> Work request
Within the entries below, please retype exactly the lines starting with the line that has "DoPeopleSay. Find the" and going on through the line that has "Apenas dois estudos, de", but not the pictures.

(Source records)
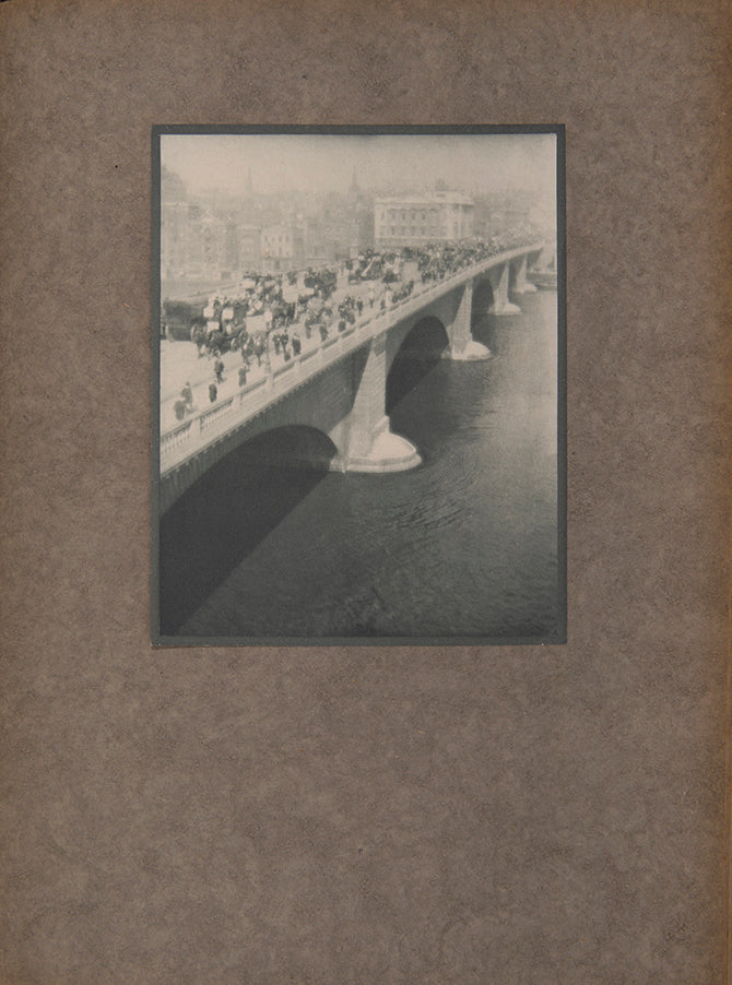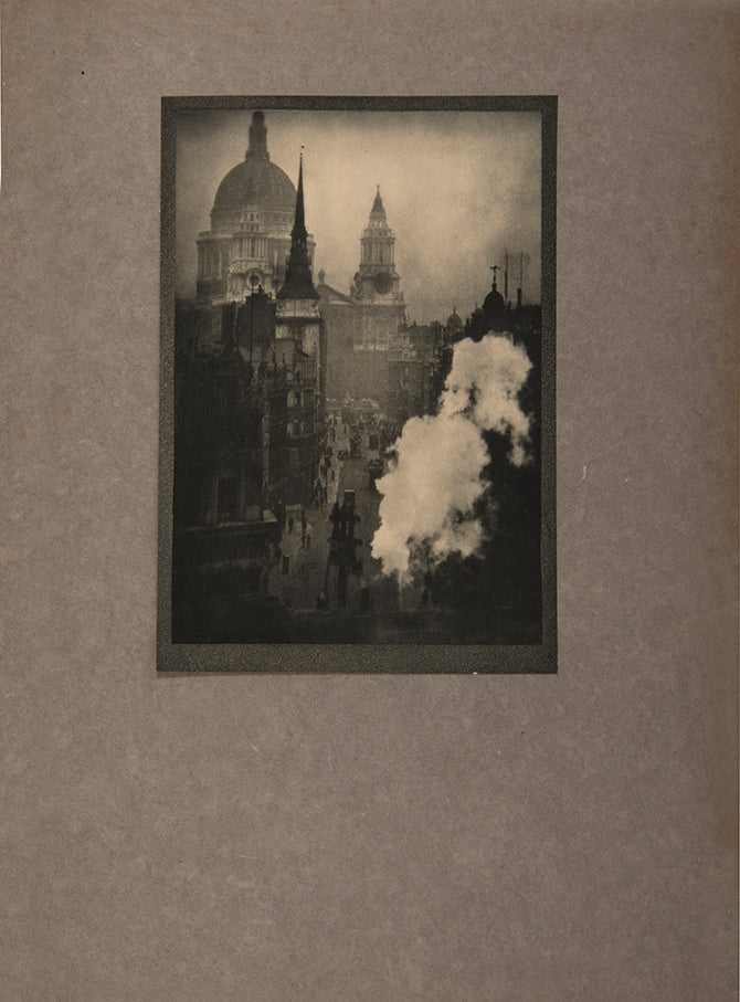 A member of Alfred Stieglitz's Photo-Secession circle, Coburn perhaps learnt from Stieglitz the effectiveness of high quality photo-mechanical reproduction as an expressive vehicle for artist-photographers. He was the most important American photographer of his generation to expend significant energy on illustrating books. Amongst his output, Coburn published two books of identical design, one featuring London, the other New York. These exemplify the concern of the more advanced pictorialists with modern subjects, namely the twentieth century city, a shift in attitude that triggered the final push to photographic modernism.
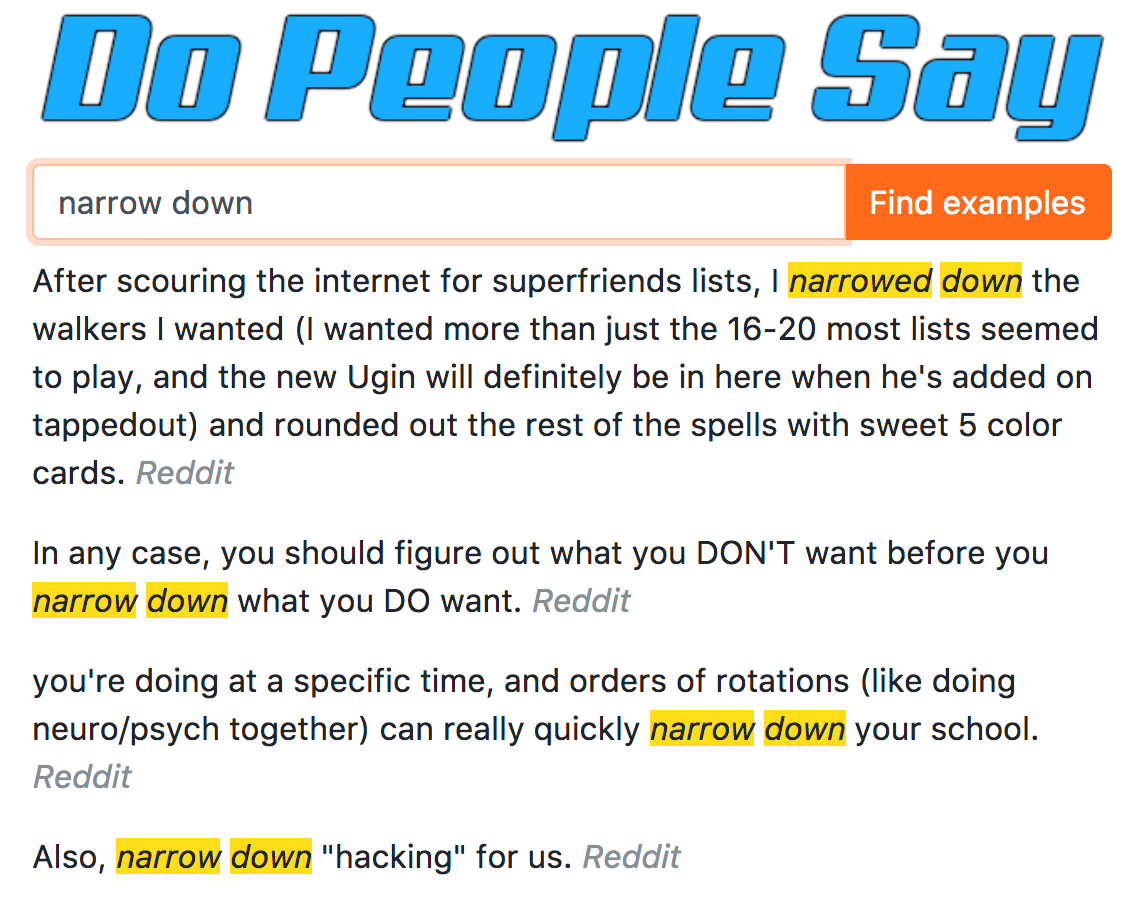DoPeopleSay. Find the context where English word or phrase is used or check if it is used by English speakers at all.
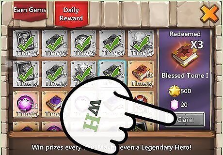 Log in every day to claim the daily reward. In some days of the calendar, blessed tomes are rewarded, which can only be rewarded through the daily rewards. The collection of these tomes include Blessed Tome 1 (100,000 EXP granted), Blessed Tome 2 (500,000 EXP granted), and Blessed Tome 3 (2,000,000 EXP granted). Even though these may seem like a lot, as said before, your heroes will require a lot more than this much. Save up tomes like these and use them only when actually needed, as they come in short supply.
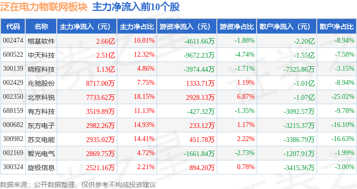 从资金流向上来看,当日泛在电力物联网板块主力资金净流出25.83亿元,游资资金净流入5.15亿元,散户资金净流入20.68亿元。泛在电力物联网板块个股资金流向见下表:
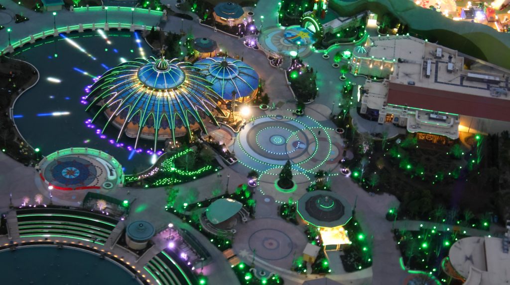 LED lights are even embedded in the paths and courtyards throughout the middle of the park.
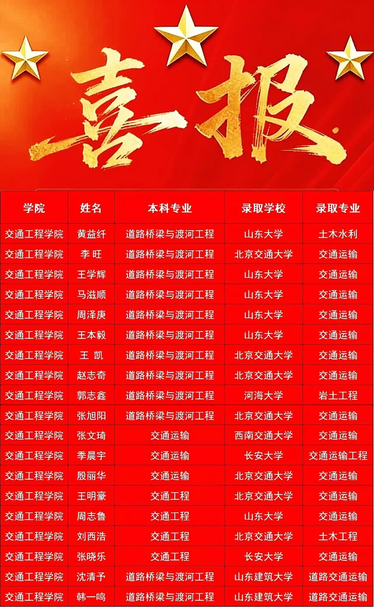 2026届优秀应届本科毕业生免试攻读研究生遴选工作圆满落幕。山东建筑大学交通工程学院学子凭借扎实的专业功底与突出的综合素养,历经层层选拔,成功斩获推免资格,即将奔赴国内高水平高校开启学术新篇。在此,向所有成功上岸的优秀学子致以最热烈的祝贺!
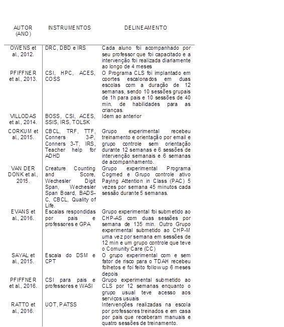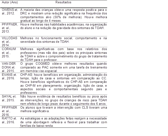 Apenas dois estudos, de Sayal e colaboradores (2015) e Ratto e colaboradores (2016), não apresentaram evidências de resultados benéficos ou piora após as intervenções; os demais sete estudos selecionados apresentaram evidências de resultados positivos, sendo que os estudos de Van Der Donk e colaboradores (2015) e Evans e colaboradores (2016) apresentaram melhoras apenas no aspecto comportamental, não apresentando melhoras no desempenho acadêmico. Os demais quatro trabalhos apresentaram evidências de resultados positivos em ambos os aspectos, comportamental e acadêmico, como: redução e melhoras nos sintomas de TDAH (PFIFFNER et al., 2013; VILLODAS et al., 2014; CORKUM et al., 2015; EVANS et al., 2016; PFIFFNER et al., 2016), melhoras nas habilidades acadêmicas (PFIFFNER et al., 2013; PFIFFNER et al., 2016) e sociais (VILLODAS et al., 2014; PFIFFNER et al., 2016), maior organização (EVANS et al., 2016; PFIFFNER et al., 2016), maior eficiência das funções executivas (VAN DER DONK et al., 2015) e redução significativa na frequência do comportamento-alvo (OWENS et al. 2012) (Quadro 4).
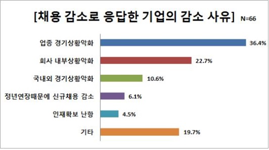 신규채용을 줄이는 이유로는 '해당 업종 경기 악화' 36.4%로 가장 많았고 '회사 내부 상황 악화' 22.7%, '국내·외 경기 상황 악화' 10.6% 등이 뒤를 이었다.
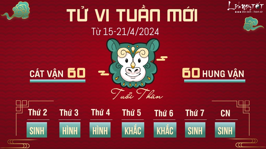 Tuần này có thể tình cảm đôi lứa không như ý nhưng cũng là lúc tuổi Thân nên tham gia các hoạt động vui vẻ bên gia đình. Sự hiện diện của bạn sẽ khiến không khí ngôi nhà trở nên dễ chịu, ấm cúng. Tại nơi làm việc, thái độ tích cực của bạn sẽ khiến mọi người thoải mái hơn, mối quan hệ với đồng nghiệp được cải thiện tích cực.
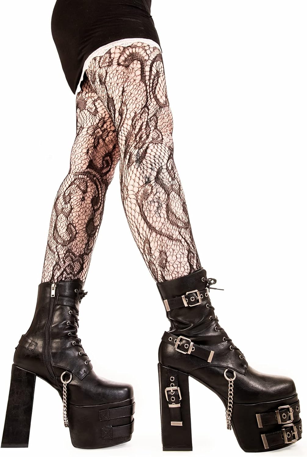 100% веганский Регулируемая шнуровка черного цвета с серебристыми люверсами. Также есть две регулируемые ремешки через щиколотку и заднюю часть ботинок, а также три дизайнерские ремешки через подошву и каблук. Все ремешки оснащены серебряными квадратными пряжками и серебряными люверсами. Кроме того, вдоль нижней части ботинка висит серебряная цепочка с кольцом 'O'. Толстая платформа подошвы
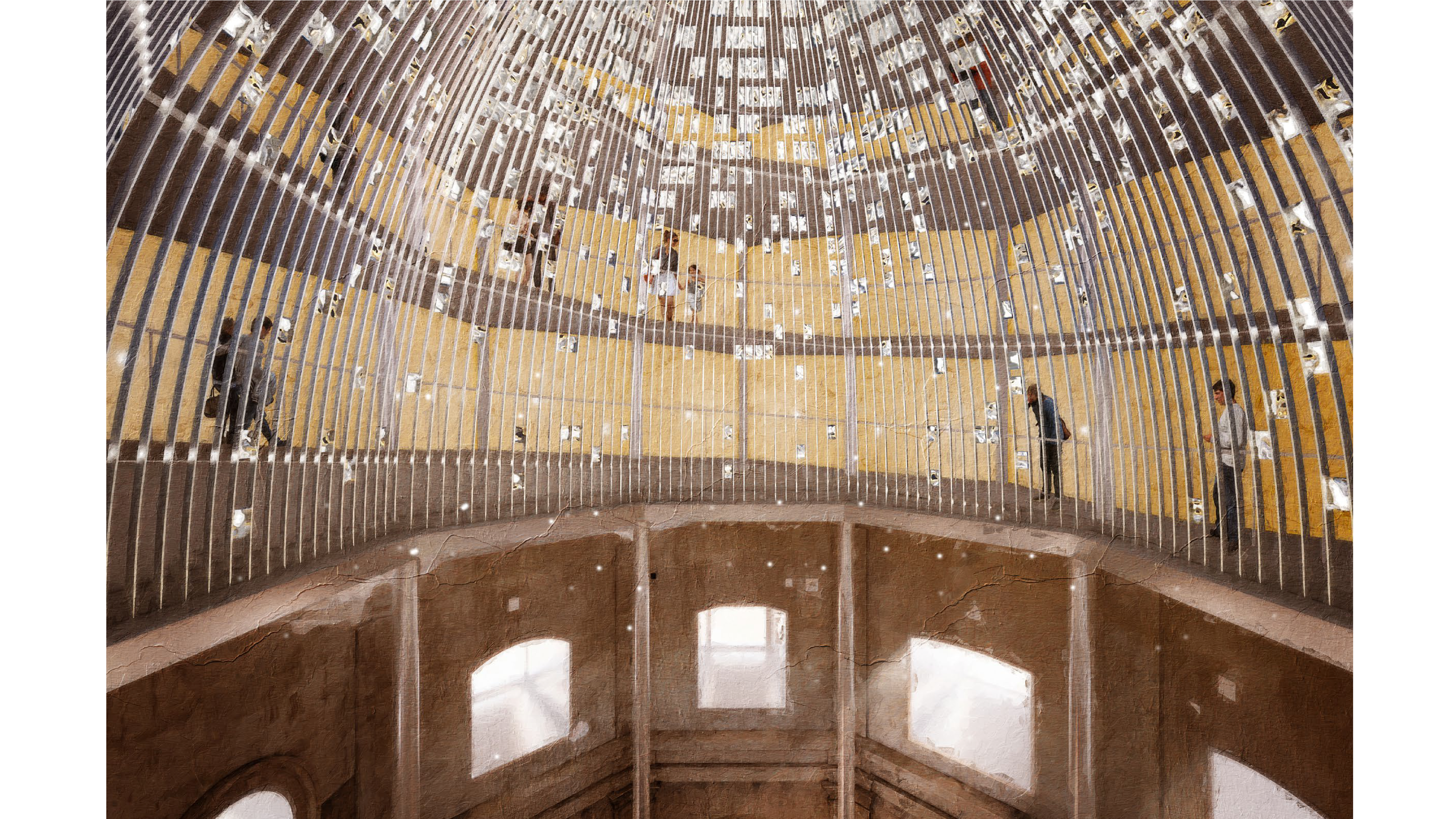 Externally, the Beacon’s façade, clad in backlight concave marble panels with a refined monochromatic texture, transforms into a numinous beacon when gently illuminated at night, visible from afar. The golden ratio guides the reconstruction of the historical roof geometry, fostering a visual dialogue with the existing structure and employing shimmering textures inspired by lake ripples. A pathway to the roof, nestled between the exterior wall and interior dome, unfolds a sensory journey enriched by galleries, archives, and books, culminating in an open auditorium with breathtaking views of Lake Bolsena.
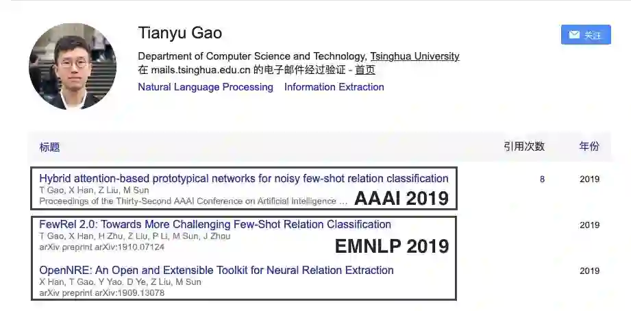 此外还有同在计算机系的杜政晓、翁家翌、王晓智等人。比如和高天宇的经历相似的王晓智,在国际顶级学术会议 COLING2018、NAACL-HLT2019 和 NAACL-HLT 2019 上各以共同一作身份发表一篇文章,他与高天宇均为清华大学计算机系副教授刘知远的学生,两人也共同入选了今年 4 月份的清华大学学生「未来学者计划」,同样在 2019 年夏季前往 MILA 跟随唐建从事科学研究。

> Result of this task
DoPeopleSay. Find the context where English word or phrase is used or check if it is used by English speakers at all.
 Log in every day to claim the daily reward. In some days of the calendar, blessed tomes are rewarded, which can only be rewarded through the daily rewards. The collection of these tomes include Blessed Tome 1 (100,000 EXP granted), Blessed Tome 2 (500,000 EXP granted), and Blessed Tome 3 (2,000,000 EXP granted). Even though these may seem like a lot, as said before, your heroes will require a lot more than this much. Save up tomes like these and use them only when actually needed, as they come in short supply.
 从资金流向上来看,当日泛在电力物联网板块主力资金净流出25.83亿元,游资资金净流入5.15亿元,散户资金净流入20.68亿元。泛在电力物联网板块个股资金流向见下表:
 LED lights are even embedded in the paths and courtyards throughout the middle of the park.
 2026届优秀应届本科毕业生免试攻读研究生遴选工作圆满落幕。山东建筑大学交通工程学院学子凭借扎实的专业功底与突出的综合素养,历经层层选拔,成功斩获推免资格,即将奔赴国内高水平高校开启学术新篇。在此,向所有成功上岸的优秀学子致以最热烈的祝贺!
 Apenas dois estudos, de Sayal e colaboradores (2015) e Ratto e colaboradores (2016), não apresentaram evidências de resultados benéficos ou piora após as intervenções; os demais sete estudos selecionados apresentaram evidências de resultados positivos, sendo que os estudos de Van Der Donk e colaboradores (2015) e Evans e colaboradores (2016) apresentaram melhoras apenas no aspecto comportamental, não apresentando melhoras no desempenho acadêmico. Os demais quatro trabalhos apresentaram evidências de resultados positivos em ambos os aspectos, comportamental e acadêmico, como: redução e melhoras nos sintomas de TDAH (PFIFFNER et al., 2013; VILLODAS et al., 2014; CORKUM et al., 2015; EVANS et al., 2016; PFIFFNER et al., 2016), melhoras nas habilidades acadêmicas (PFIFFNER et al., 2013; PFIFFNER et al., 2016) e sociais (VILLODAS et al., 2014; PFIFFNER et al., 2016), maior organização (EVANS et al., 2016; PFIFFNER et al., 2016), maior eficiência das funções executivas (VAN DER DONK et al., 2015) e redução significativa na frequência do comportamento-alvo (OWENS et al. 2012) (Quadro 4).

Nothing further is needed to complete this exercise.